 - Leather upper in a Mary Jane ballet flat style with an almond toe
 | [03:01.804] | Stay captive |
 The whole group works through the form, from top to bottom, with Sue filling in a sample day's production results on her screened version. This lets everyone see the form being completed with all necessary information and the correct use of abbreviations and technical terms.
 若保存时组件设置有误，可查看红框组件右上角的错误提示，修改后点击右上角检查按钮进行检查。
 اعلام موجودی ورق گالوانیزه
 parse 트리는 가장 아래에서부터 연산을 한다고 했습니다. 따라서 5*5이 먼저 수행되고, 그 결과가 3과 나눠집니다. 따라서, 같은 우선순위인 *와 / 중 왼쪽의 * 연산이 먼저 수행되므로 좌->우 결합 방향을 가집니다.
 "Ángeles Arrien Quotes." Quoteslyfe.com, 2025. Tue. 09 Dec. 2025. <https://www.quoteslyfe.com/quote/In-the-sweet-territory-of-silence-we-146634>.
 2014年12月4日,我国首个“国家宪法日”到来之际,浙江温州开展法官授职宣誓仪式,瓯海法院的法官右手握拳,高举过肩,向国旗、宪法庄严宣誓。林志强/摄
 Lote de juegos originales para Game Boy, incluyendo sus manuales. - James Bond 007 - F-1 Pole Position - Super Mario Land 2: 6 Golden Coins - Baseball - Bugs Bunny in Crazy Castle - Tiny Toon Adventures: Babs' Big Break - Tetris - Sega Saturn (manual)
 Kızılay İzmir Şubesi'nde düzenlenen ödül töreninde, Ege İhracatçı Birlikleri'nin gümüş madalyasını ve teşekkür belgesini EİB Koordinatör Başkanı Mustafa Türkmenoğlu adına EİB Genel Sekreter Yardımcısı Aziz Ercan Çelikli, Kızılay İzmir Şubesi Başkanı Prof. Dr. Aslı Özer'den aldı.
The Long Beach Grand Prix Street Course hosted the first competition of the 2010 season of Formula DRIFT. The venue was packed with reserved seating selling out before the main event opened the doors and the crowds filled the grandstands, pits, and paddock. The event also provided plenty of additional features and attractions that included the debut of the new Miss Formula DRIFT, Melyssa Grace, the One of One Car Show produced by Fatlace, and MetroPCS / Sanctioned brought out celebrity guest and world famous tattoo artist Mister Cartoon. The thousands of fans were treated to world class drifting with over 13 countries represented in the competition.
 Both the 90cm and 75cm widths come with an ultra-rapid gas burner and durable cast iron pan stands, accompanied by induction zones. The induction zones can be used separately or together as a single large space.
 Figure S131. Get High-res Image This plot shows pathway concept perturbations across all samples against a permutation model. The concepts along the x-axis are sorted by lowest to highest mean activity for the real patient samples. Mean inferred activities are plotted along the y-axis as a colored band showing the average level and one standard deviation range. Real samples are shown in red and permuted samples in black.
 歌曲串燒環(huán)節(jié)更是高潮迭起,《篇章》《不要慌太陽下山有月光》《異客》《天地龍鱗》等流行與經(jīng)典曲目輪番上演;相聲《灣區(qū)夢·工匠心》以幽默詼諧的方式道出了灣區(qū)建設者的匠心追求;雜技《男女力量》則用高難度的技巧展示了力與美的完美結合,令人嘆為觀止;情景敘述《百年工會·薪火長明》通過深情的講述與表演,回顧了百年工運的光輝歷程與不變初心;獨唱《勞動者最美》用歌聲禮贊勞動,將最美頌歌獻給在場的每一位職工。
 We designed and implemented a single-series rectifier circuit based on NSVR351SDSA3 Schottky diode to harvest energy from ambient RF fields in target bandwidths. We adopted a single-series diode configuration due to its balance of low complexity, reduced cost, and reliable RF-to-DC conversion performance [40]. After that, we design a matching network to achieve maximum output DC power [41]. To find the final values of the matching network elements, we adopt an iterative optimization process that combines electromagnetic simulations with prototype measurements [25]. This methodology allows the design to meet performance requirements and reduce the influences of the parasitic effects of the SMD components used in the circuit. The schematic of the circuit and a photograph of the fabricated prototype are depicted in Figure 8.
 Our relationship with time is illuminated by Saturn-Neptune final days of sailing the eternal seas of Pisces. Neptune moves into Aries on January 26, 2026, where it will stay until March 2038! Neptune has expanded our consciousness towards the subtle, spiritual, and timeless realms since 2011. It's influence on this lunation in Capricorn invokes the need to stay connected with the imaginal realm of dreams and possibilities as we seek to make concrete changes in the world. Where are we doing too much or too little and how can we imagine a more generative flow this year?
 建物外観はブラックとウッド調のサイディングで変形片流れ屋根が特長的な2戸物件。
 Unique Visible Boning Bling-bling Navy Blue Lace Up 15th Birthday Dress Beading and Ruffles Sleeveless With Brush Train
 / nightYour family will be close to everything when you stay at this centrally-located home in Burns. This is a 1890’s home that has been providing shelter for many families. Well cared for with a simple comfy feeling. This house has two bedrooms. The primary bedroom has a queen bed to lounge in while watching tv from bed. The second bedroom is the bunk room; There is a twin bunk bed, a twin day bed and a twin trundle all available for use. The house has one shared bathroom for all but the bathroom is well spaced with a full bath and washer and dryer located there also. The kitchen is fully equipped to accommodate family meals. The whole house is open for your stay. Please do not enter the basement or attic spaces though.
___
--- The task ---
Please transcribe the records in full, keeping every word as it is.

--- Result ---
 - Leather upper in a Mary Jane ballet flat style with an almond toe
 | [03:01.804] | Stay captive |
 The whole group works through the form, from top to bottom, with Sue filling in a sample day's production results on her screened version. This lets everyone see the form being completed with all necessary information and the correct use of abbreviations and technical terms.
 若保存时组件设置有误，可查看红框组件右上角的错误提示，修改后点击右上角检查按钮进行检查。
 اعلام موجودی ورق گالوانیزه
 parse 트리는 가장 아래에서부터 연산을 한다고 했습니다. 따라서 5*5이 먼저 수행되고, 그 결과가 3과 나눠집니다. 따라서, 같은 우선순위인 *와 / 중 왼쪽의 * 연산이 먼저 수행되므로 좌->우 결합 방향을 가집니다.
 "Ángeles Arrien Quotes." Quoteslyfe.com, 2025. Tue. 09 Dec. 2025. <https://www.quoteslyfe.com/quote/In-the-sweet-territory-of-silence-we-146634>.
 2014年12月4日,我国首个“国家宪法日”到来之际,浙江温州开展法官授职宣誓仪式,瓯海法院的法官右手握拳,高举过肩,向国旗、宪法庄严宣誓。林志强/摄
 Lote de juegos originales para Game Boy, incluyendo sus manuales. - James Bond 007 - F-1 Pole Position - Super Mario Land 2: 6 Golden Coins - Baseball - Bugs Bunny in Crazy Castle - Tiny Toon Adventures: Babs' Big Break - Tetris - Sega Saturn (manual)
 Kızılay İzmir Şubesi'nde düzenlenen ödül töreninde, Ege İhracatçı Birlikleri'nin gümüş madalyasını ve teşekkür belgesini EİB Koordinatör Başkanı Mustafa Türkmenoğlu adına EİB Genel Sekreter Yardımcısı Aziz Ercan Çelikli, Kızılay İzmir Şubesi Başkanı Prof. Dr. Aslı Özer'den aldı.
The Long Beach Grand Prix Street Course hosted the first competition of the 2010 season of Formula DRIFT. The venue was packed with reserved seating selling out before the main event opened the doors and the crowds filled the grandstands, pits, and paddock. The event also provided plenty of additional features and attractions that included the debut of the new Miss Formula DRIFT, Melyssa Grace, the One of One Car Show produced by Fatlace, and MetroPCS / Sanctioned brought out celebrity guest and world famous tattoo artist Mister Cartoon. The thousands of fans were treated to world class drifting with over 13 countries represented in the competition.
 Both the 90cm and 75cm widths come with an ultra-rapid gas burner and durable cast iron pan stands, accompanied by induction zones. The induction zones can be used separately or together as a single large space.
 Figure S131. Get High-res Image This plot shows pathway concept perturbations across all samples against a permutation model. The concepts along the x-axis are sorted by lowest to highest mean activity for the real patient samples. Mean inferred activities are plotted along the y-axis as a colored band showing the average level and one standard deviation range. Real samples are shown in red and permuted samples in black.
 歌曲串燒環(huán)節(jié)更是高潮迭起,《篇章》《不要慌太陽下山有月光》《異客》《天地龍鱗》等流行與經(jīng)典曲目輪番上演;相聲《灣區(qū)夢·工匠心》以幽默詼諧的方式道出了灣區(qū)建設者的匠心追求;雜技《男女力量》則用高難度的技巧展示了力與美的完美結合,令人嘆為觀止;情景敘述《百年工會·薪火長明》通過深情的講述與表演,回顧了百年工運的光輝歷程與不變初心;獨唱《勞動者最美》用歌聲禮贊勞動,將最美頌歌獻給在場的每一位職工。
 We designed and implemented a single-series rectifier circuit based on NSVR351SDSA3 Schottky diode to harvest energy from ambient RF fields in target bandwidths. We adopted a single-series diode configuration due to its balance of low complexity, reduced cost, and reliable RF-to-DC conversion performance [40]. After that, we design a matching network to achieve maximum output DC power [41]. To find the final values of the matching network elements, we adopt an iterative optimization process that combines electromagnetic simulations with prototype measurements [25]. This methodology allows the design to meet performance requirements and reduce the influences of the parasitic effects of the SMD components used in the circuit. The schematic of the circuit and a photograph of the fabricated prototype are depicted in Figure 8.
 Our relationship with time is illuminated by Saturn-Neptune final days of sailing the eternal seas of Pisces. Neptune moves into Aries on January 26, 2026, where it will stay until March 2038! Neptune has expanded our consciousness towards the subtle, spiritual, and timeless realms since 2011. It's influence on this lunation in Capricorn invokes the need to stay connected with the imaginal realm of dreams and possibilities as we seek to make concrete changes in the world. Where are we doing too much or too little and how can we imagine a more generative flow this year?
 建物外観はブラックとウッド調のサイディングで変形片流れ屋根が特長的な2戸物件。
 Unique Visible Boning Bling-bling Navy Blue Lace Up 15th Birthday Dress Beading and Ruffles Sleeveless With Brush Train
 / nightYour family will be close to everything when you stay at this centrally-located home in Burns. This is a 1890’s home that has been providing shelter for many families. Well cared for with a simple comfy feeling. This house has two bedrooms. The primary bedroom has a queen bed to lounge in while watching tv from bed. The second bedroom is the bunk room; There is a twin bunk bed, a twin day bed and a twin trundle all available for use. The house has one shared bathroom for all but the bathroom is well spaced with a full bath and washer and dryer located there also. The kitchen is fully equipped to accommodate family meals. The whole house is open for your stay. Please do not enter the basement or attic spaces though.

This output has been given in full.